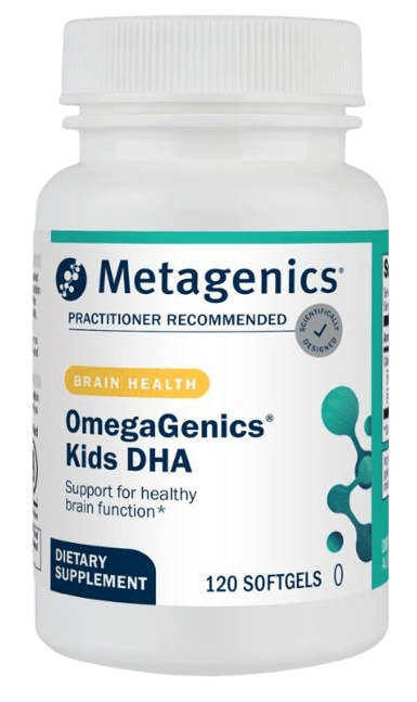OmegaGenics® Kids DHA—formerly MetaKids® DHA—features a concentrated, purified source of omega-3 fatty acids to support healthy brain function. Each softgel provides a total of 10 mg EPA and 50 mg DHA. This naturally fruit-flavored formula is tested for purity and quality and stabilized with antioxidants to maintain freshness.
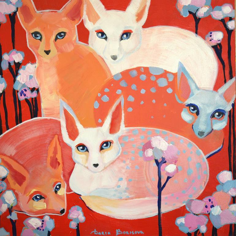 “Lingonberry” Acrylic on canvas 20 x 20in The artwork is sold unframed The sides are colored the same pattern as the painting. I depict the natural world, in which plants and animals form a pictorial image of a single organism. It reminds me of an ark (maybe Noah's ark) as a phenomenon of a commu...
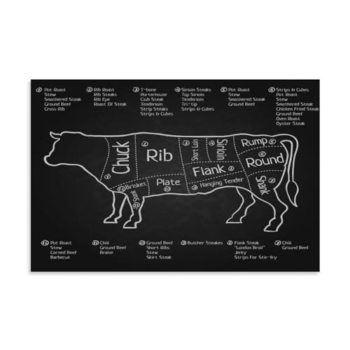 Poster, Motiv: Rinderfleisch, Metzgerführer auf Leinwand, für Lebensmittel, Wandkunst von Rindfleisch, Abteilungstabelle Fleischkunstdrucke, gerahmt, Lebensmittelbild, Gemälde, Größe 40x60 cm
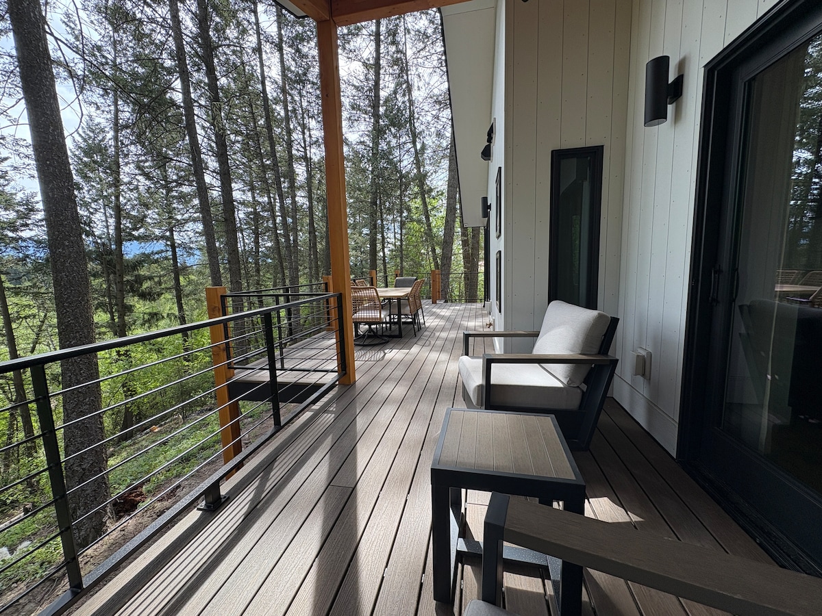 Our modern log cabin, with 2 bedrooms plus loft and room to sleep 6, is a hidden gem that sits a few minutes from the west entrance to Glacier Park. Featuring a spacious kitchen, large dining table, cozy fireplace, pool table, large walkout deck with wonderful views, outdoor firepit, picnic table, yard and private hot tub. With quick access to rafting, hiking, biking, equipment rentals, activities and even helicopter tours, it's the perfect home base for any adventure!
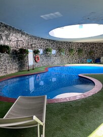 Sí, la propiedad cuenta con alberca techada. Se puede entrar a la alberca de 09:00 a 20:00.
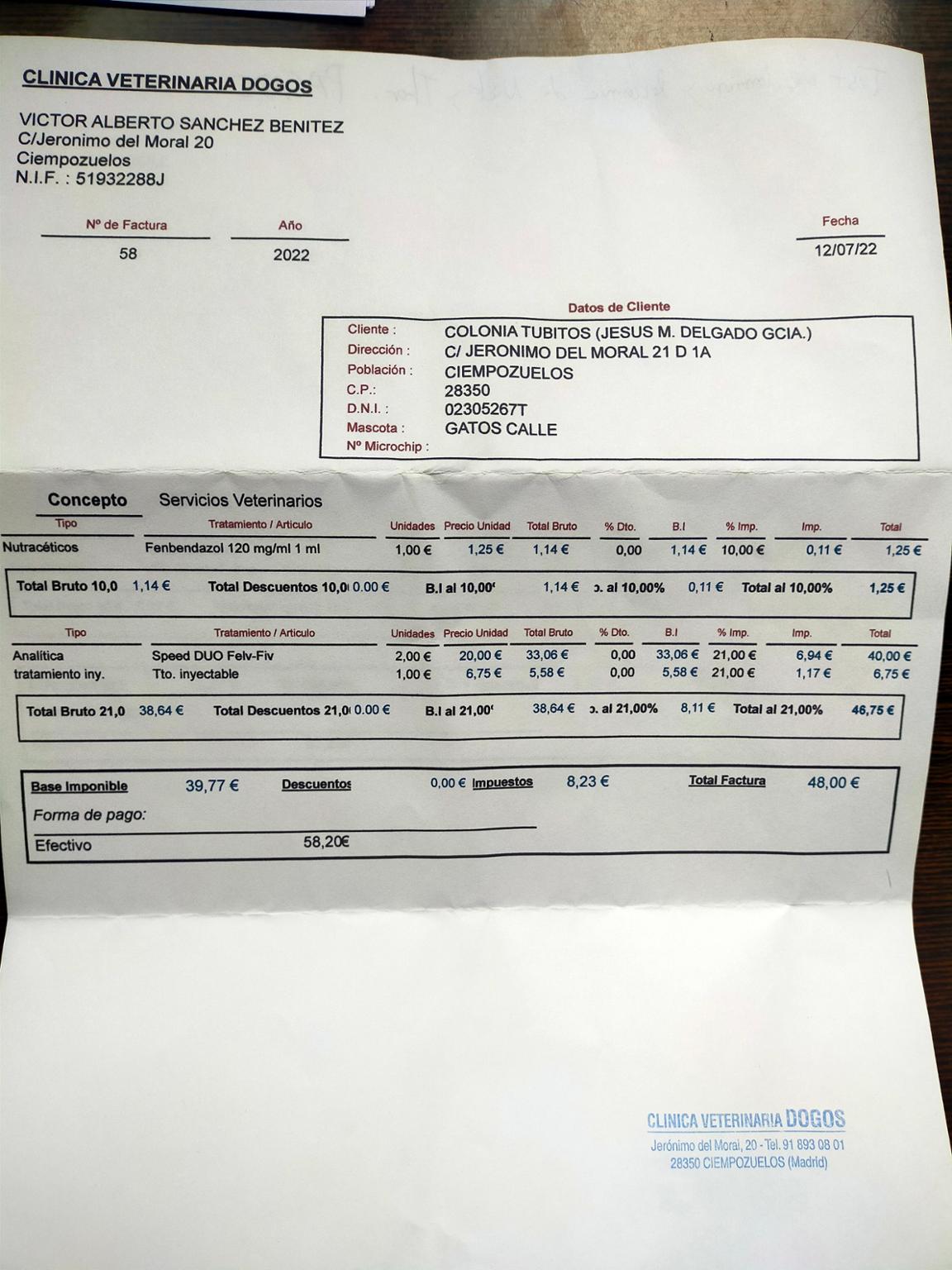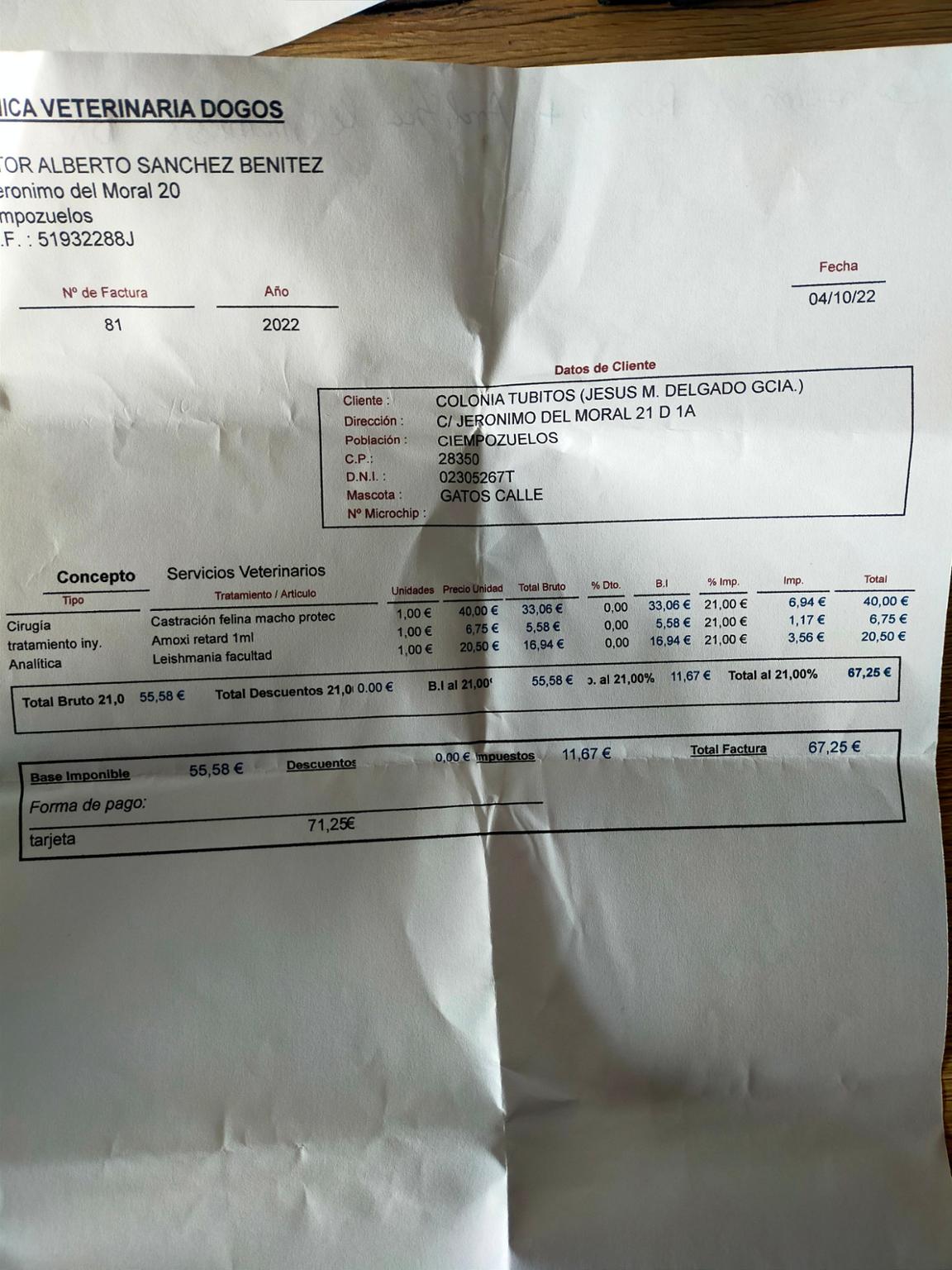 Kiki, también conocido como Van gogh, es un gato que abandonaron en la colonia Tubitos. Se le rescató y tuvimos que llevarle urgentemente al veterinario debido a la infección que tenía. Tuvo que estar hospitalizado por la infección de orina e intestinal. Actualmente está mejor pero se le detectó un riñón atrofiado por lo que necesitará medicación de por vida. AQUÍ OS DEJAMOS LA FACTURA

→ YOUR GOAL:
With the pictures removed, return the full listing exactly as given.

→ OUTPUT OF THE TASK:
OmegaGenics® Kids DHA—formerly MetaKids® DHA—features a concentrated, purified source of omega-3 fatty acids to support healthy brain function. Each softgel provides a total of 10 mg EPA and 50 mg DHA. This naturally fruit-flavored formula is tested for purity and quality and stabilized with antioxidants to maintain freshness.
 “Lingonberry” Acrylic on canvas 20 x 20in The artwork is sold unframed The sides are colored the same pattern as the painting. I depict the natural world, in which plants and animals form a pictorial image of a single organism. It reminds me of an ark (maybe Noah's ark) as a phenomenon of a commu...
 Poster, Motiv: Rinderfleisch, Metzgerführer auf Leinwand, für Lebensmittel, Wandkunst von Rindfleisch, Abteilungstabelle Fleischkunstdrucke, gerahmt, Lebensmittelbild, Gemälde, Größe 40x60 cm
 Our modern log cabin, with 2 bedrooms plus loft and room to sleep 6, is a hidden gem that sits a few minutes from the west entrance to Glacier Park. Featuring a spacious kitchen, large dining table, cozy fireplace, pool table, large walkout deck with wonderful views, outdoor firepit, picnic table, yard and private hot tub. With quick access to rafting, hiking, biking, equipment rentals, activities and even helicopter tours, it's the perfect home base for any adventure!
 Sí, la propiedad cuenta con alberca techada. Se puede entrar a la alberca de 09:00 a 20:00.
 Kiki, también conocido como Van gogh, es un gato que abandonaron en la colonia Tubitos. Se le rescató y tuvimos que llevarle urgentemente al veterinario debido a la infección que tenía. Tuvo que estar hospitalizado por la infección de orina e intestinal. Actualmente está mejor pero se le detectó un riñón atrofiado por lo que necesitará medicación de por vida. AQUÍ OS DEJAMOS LA FACTURA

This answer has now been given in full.